[SUPPLIED RECORDS Boundary: Start]

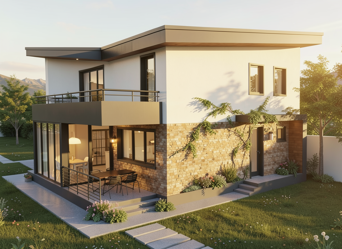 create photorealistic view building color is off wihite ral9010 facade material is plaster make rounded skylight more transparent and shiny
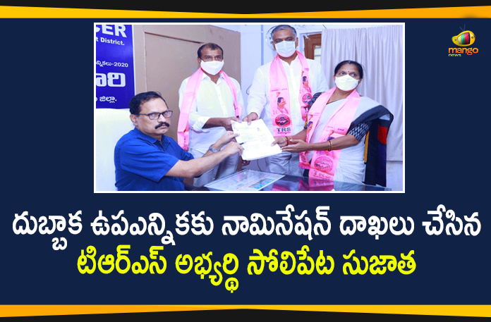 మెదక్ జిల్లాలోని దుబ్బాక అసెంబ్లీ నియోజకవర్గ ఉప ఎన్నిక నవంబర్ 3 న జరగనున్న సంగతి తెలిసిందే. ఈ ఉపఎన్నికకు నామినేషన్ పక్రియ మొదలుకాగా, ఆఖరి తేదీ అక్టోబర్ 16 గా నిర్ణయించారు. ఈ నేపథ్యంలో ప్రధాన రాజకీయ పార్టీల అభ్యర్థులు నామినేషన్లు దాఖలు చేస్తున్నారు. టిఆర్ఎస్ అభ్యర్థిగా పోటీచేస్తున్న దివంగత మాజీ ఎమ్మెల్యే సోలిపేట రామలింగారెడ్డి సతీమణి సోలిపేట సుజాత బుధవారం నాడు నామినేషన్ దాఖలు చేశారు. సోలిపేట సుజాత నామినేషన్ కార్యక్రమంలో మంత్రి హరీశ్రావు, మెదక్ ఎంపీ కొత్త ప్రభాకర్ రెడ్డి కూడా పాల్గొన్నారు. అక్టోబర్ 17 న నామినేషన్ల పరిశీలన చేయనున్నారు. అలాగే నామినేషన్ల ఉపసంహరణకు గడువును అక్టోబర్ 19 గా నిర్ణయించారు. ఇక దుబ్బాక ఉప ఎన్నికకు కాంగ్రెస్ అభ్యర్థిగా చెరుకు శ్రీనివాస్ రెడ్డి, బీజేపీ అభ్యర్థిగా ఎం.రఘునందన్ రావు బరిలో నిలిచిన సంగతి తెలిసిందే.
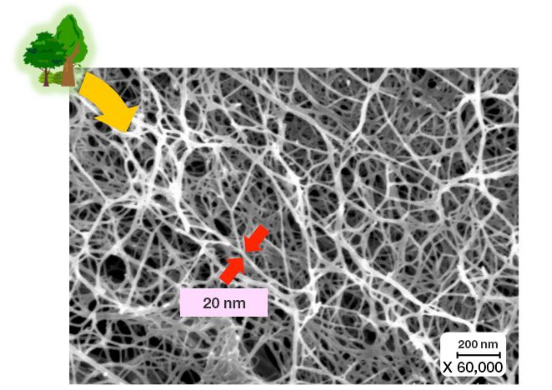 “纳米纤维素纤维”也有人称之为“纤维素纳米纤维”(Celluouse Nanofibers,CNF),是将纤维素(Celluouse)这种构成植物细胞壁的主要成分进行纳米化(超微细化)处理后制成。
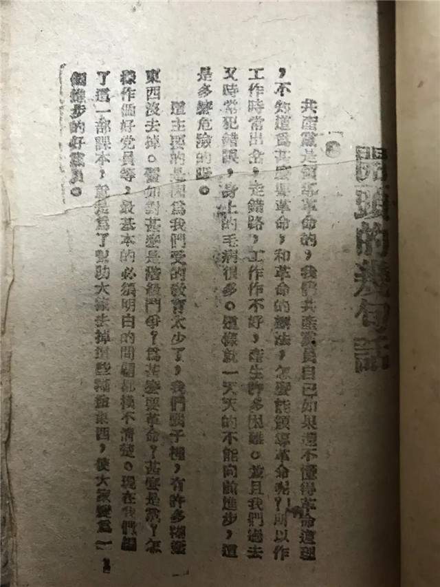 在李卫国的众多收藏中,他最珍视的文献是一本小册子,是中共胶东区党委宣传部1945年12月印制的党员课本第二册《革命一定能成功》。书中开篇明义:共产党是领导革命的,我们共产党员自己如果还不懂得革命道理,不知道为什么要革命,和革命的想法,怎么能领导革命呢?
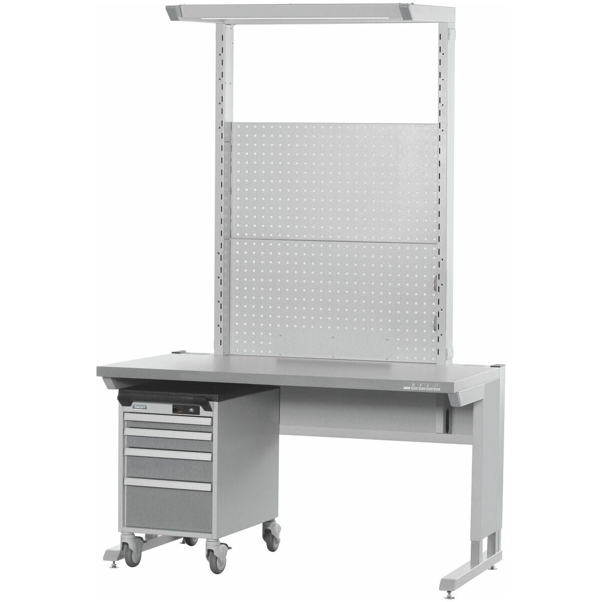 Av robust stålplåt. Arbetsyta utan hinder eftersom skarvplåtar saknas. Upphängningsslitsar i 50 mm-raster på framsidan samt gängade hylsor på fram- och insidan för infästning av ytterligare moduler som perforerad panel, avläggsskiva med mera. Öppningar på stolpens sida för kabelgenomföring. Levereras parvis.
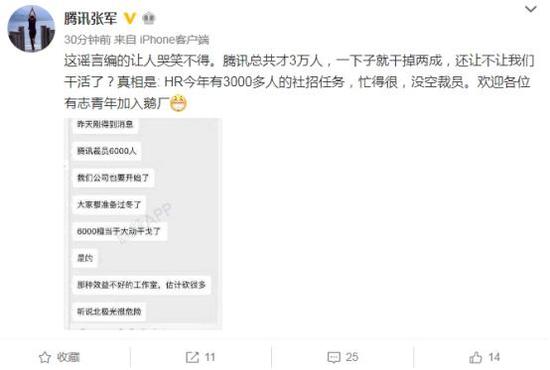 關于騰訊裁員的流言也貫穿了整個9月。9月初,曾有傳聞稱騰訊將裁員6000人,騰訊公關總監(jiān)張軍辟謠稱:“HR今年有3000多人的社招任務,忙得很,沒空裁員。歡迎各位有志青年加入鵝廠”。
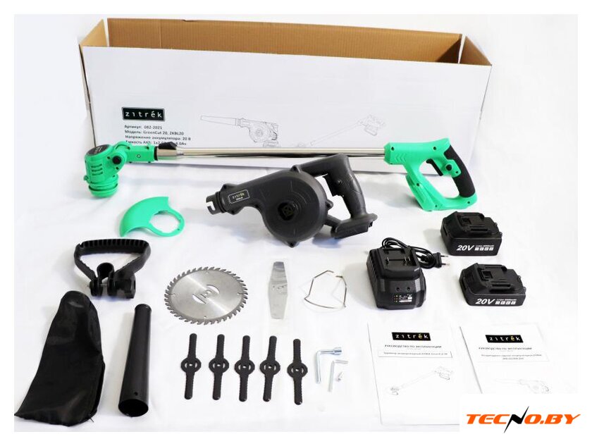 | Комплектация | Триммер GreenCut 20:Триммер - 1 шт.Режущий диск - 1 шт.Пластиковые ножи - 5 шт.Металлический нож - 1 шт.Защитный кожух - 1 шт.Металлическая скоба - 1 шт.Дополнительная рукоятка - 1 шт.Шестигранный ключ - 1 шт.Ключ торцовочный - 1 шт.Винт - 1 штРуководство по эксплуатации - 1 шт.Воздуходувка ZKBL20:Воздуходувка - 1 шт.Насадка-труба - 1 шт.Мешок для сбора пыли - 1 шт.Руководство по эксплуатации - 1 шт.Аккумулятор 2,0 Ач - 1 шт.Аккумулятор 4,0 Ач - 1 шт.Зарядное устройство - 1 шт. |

[SUPPLIED RECORDS Boundary: End]

**EXERCISE AIM**
Although the records above contain pictures, your copy should give only their text, exactly as written.

**TASK SOLUTION**
 create photorealistic view building color is off wihite ral9010 facade material is plaster make rounded skylight more transparent and shiny
 మెదక్ జిల్లాలోని దుబ్బాక అసెంబ్లీ నియోజకవర్గ ఉప ఎన్నిక నవంబర్ 3 న జరగనున్న సంగతి తెలిసిందే. ఈ ఉపఎన్నికకు నామినేషన్ పక్రియ మొదలుకాగా, ఆఖరి తేదీ అక్టోబర్ 16 గా నిర్ణయించారు. ఈ నేపథ్యంలో ప్రధాన రాజకీయ పార్టీల అభ్యర్థులు నామినేషన్లు దాఖలు చేస్తున్నారు. టిఆర్ఎస్ అభ్యర్థిగా పోటీచేస్తున్న దివంగత మాజీ ఎమ్మెల్యే సోలిపేట రామలింగారెడ్డి సతీమణి సోలిపేట సుజాత బుధవారం నాడు నామినేషన్ దాఖలు చేశారు. సోలిపేట సుజాత నామినేషన్ కార్యక్రమంలో మంత్రి హరీశ్రావు, మెదక్ ఎంపీ కొత్త ప్రభాకర్ రెడ్డి కూడా పాల్గొన్నారు. అక్టోబర్ 17 న నామినేషన్ల పరిశీలన చేయనున్నారు. అలాగే నామినేషన్ల ఉపసంహరణకు గడువును అక్టోబర్ 19 గా నిర్ణయించారు. ఇక దుబ్బాక ఉప ఎన్నికకు కాంగ్రెస్ అభ్యర్థిగా చెరుకు శ్రీనివాస్ రెడ్డి, బీజేపీ అభ్యర్థిగా ఎం.రఘునందన్ రావు బరిలో నిలిచిన సంగతి తెలిసిందే.
 “纳米纤维素纤维”也有人称之为“纤维素纳米纤维”(Celluouse Nanofibers,CNF),是将纤维素(Celluouse)这种构成植物细胞壁的主要成分进行纳米化(超微细化)处理后制成。
 在李卫国的众多收藏中,他最珍视的文献是一本小册子,是中共胶东区党委宣传部1945年12月印制的党员课本第二册《革命一定能成功》。书中开篇明义:共产党是领导革命的,我们共产党员自己如果还不懂得革命道理,不知道为什么要革命,和革命的想法,怎么能领导革命呢?
 Av robust stålplåt. Arbetsyta utan hinder eftersom skarvplåtar saknas. Upphängningsslitsar i 50 mm-raster på framsidan samt gängade hylsor på fram- och insidan för infästning av ytterligare moduler som perforerad panel, avläggsskiva med mera. Öppningar på stolpens sida för kabelgenomföring. Levereras parvis.
 關于騰訊裁員的流言也貫穿了整個9月。9月初,曾有傳聞稱騰訊將裁員6000人,騰訊公關總監(jiān)張軍辟謠稱:“HR今年有3000多人的社招任務,忙得很,沒空裁員。歡迎各位有志青年加入鵝廠”。
 | Комплектация | Триммер GreenCut 20:Триммер - 1 шт.Режущий диск - 1 шт.Пластиковые ножи - 5 шт.Металлический нож - 1 шт.Защитный кожух - 1 шт.Металлическая скоба - 1 шт.Дополнительная рукоятка - 1 шт.Шестигранный ключ - 1 шт.Ключ торцовочный - 1 шт.Винт - 1 штРуководство по эксплуатации - 1 шт.Воздуходувка ZKBL20:Воздуходувка - 1 шт.Насадка-труба - 1 шт.Мешок для сбора пыли - 1 шт.Руководство по эксплуатации - 1 шт.Аккумулятор 2,0 Ач - 1 шт.Аккумулятор 4,0 Ач - 1 шт.Зарядное устройство - 1 шт. |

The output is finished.